A typical gel for the analysis of the primer extension reactions, performed with a CEVd.188 transcript starting at position 94 in the presence of an oligonucleotide complementary to positions 276 to 258 of the lower region, is illustrated in Fig. 2A. The intensity of each band was subsequently analysed using SAFA software (Laederach et al., 2008), and is shown in histogram form in Fig. 2B. In the present case, there was no significant difference observed when the reactions were performed in the absence or presence of MgCl2 (compare the top and bottom graphs in Fig. 2B). The flexible nucleotides (i.e. those located mainly in single‐stranded regions) were those showing the higher intensities, and vice versa (Fig. 2C).

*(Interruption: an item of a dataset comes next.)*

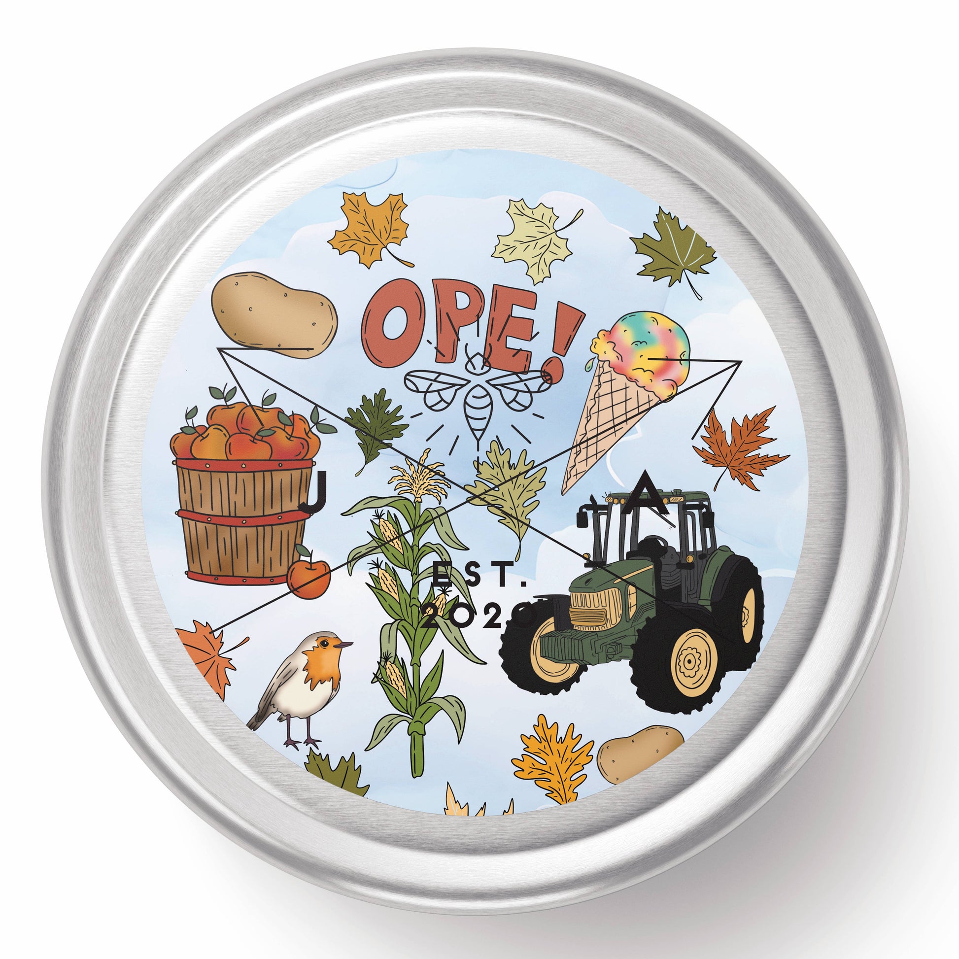 The tin is covered in tractors, cornfields, apples, potatoes and the saying: "OPE"!

According to the method developed by Deigan et al. (2009), SHAPE data can be incorporated into RNAstructure software (Reuter and Mathews, 2010). In this case, SHAPE data are converted into a pseudo‐free energy change and are used in conjunction with conventional nearest‐neighbour parameters to predict RNA secondary structure. In other words, the structural study is not solely based on a thermodynamic approach, but also includes biochemical data, which significantly increases the accuracy of the results and provides an experimental correction to the conventional nearest‐neighbour parameters. In the present case, all flexible residues were found to be located in single‐stranded regions, although they did not all react efficiently with the BzCN reagent. Moreover, a certain number of single‐stranded nucleotides were observed not to react with the chemical reagent.

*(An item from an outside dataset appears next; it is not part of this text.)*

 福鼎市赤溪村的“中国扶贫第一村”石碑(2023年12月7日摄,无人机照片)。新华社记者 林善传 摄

Each primer extension reaction provided information on a region spanning approximately 100–125 nucleotides. Therefore, using several primers complementary to distinct regions located around the viroid, and by generating overlapping data to facilitate the integration of the reads, a total of three or four primers was required in order to completely cover a viroid's genome. More specifically, in the case of CEVd, the data from four primers were compiled and analysed together. All gels were analysed using the SAFA software (Laederach et al., 2008). The signals obtained from different primers for each variant were normalized to a uniform scale as reported by Low and Weeks (2010). Briefly, the 2% most reactive signals of all intensities taken together were removed from the pool, and the intensities of the next 8% most reactive were averaged. The intensity obtained for each nucleotide was then divided by this average value. This normalization step was performed manually using the Excel software program.
According to the approach described above, the CEVd.188 viroid (class A) has a long rod‐like secondary structure (Fig. 3A). The structure obtained differs slightly in the TL region from CEVd‐t, a class A viroid (Szychowski et al., 2005). In the latter variant, a Y‐shaped structure was proposed for this region; however, under the conditions used here, this structure was not detected. The TL region of this variant is more rod‐like than Y‐shaped. Even so, the two structures possess 79.2% structural identity when the percentage identity is evaluated by determining the number of mismatched nucleotides of the total number of nucleotides when the structure determined here is compared with those predicted previously. However, when the structure reported here is compared with that of CEV‐A, a previously described class A CEVd variant (Visvader and Symons, 1985, 1986), the two structures are quite similar, with 91.6% of the secondary structure being analogous. Exceptions are found only in the TL and P regions. The two other CEVd sequence variants (i.e. CEVd.189 and CEVd.190; described as being class B) also appear to fold into long rod‐like structures (Fig. 3B, C). The incorporation of SHAPE data into the software prediction did not reveal the presence of any complex secondary structures, such as either cruciform or Y‐shaped structures. Indeed, when the structures determined in this study were compared with that of CEV‐DE26, which has been classified as class B (Visvader and Symons, 1985, 1986), only 77.3% of the nucleotides were found to have the same structure. The rearrangements are found in every region, except for the C region, whose structure seems to be well conserved (data not shown).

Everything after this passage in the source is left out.